Your answer must consist of exactly the lines below, starting with the line with "Sadir School of" and going on through the line with "見(jiàn)圳客戶(hù)", and nothing else.

(RECORDS SHOWN)

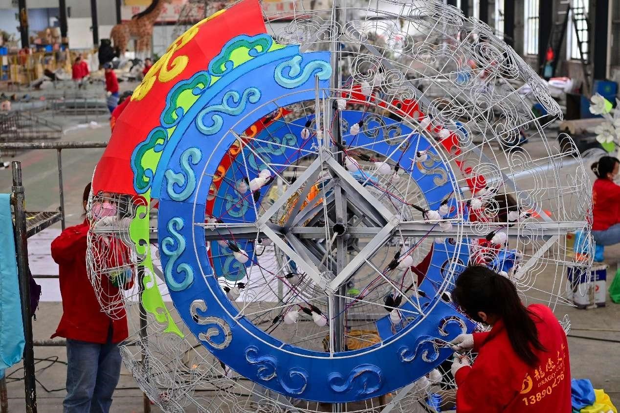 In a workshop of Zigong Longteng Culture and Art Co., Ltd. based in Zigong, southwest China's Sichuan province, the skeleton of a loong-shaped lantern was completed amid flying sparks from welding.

(End RECORDS SHOWN)
(RECORDS SHOWN)

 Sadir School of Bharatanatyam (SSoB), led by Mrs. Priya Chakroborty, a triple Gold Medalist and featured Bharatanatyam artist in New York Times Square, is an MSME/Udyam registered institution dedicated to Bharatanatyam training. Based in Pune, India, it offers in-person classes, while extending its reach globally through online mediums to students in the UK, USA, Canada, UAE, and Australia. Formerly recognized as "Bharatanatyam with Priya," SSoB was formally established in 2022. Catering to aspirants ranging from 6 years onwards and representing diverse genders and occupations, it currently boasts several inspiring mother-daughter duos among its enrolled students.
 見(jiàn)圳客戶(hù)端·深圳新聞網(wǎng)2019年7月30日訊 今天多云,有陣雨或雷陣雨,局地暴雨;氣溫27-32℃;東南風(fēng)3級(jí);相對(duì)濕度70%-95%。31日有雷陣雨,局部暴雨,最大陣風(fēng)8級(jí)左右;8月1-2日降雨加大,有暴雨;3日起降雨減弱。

(End RECORDS SHOWN)

EXERCISE OUTPUT =
 Sadir School of Bharatanatyam (SSoB), led by Mrs. Priya Chakroborty, a triple Gold Medalist and featured Bharatanatyam artist in New York Times Square, is an MSME/Udyam registered institution dedicated to Bharatanatyam training. Based in Pune, India, it offers in-person classes, while extending its reach globally through online mediums to students in the UK, USA, Canada, UAE, and Australia. Formerly recognized as "Bharatanatyam with Priya," SSoB was formally established in 2022. Catering to aspirants ranging from 6 years onwards and representing diverse genders and occupations, it currently boasts several inspiring mother-daughter duos among its enrolled students.
 見(jiàn)圳客戶(hù)端·深圳新聞網(wǎng)2019年7月30日訊 今天多云,有陣雨或雷陣雨,局地暴雨;氣溫27-32℃;東南風(fēng)3級(jí);相對(duì)濕度70%-95%。31日有雷陣雨,局部暴雨,最大陣風(fēng)8級(jí)左右;8月1-2日降雨加大,有暴雨;3日起降雨減弱。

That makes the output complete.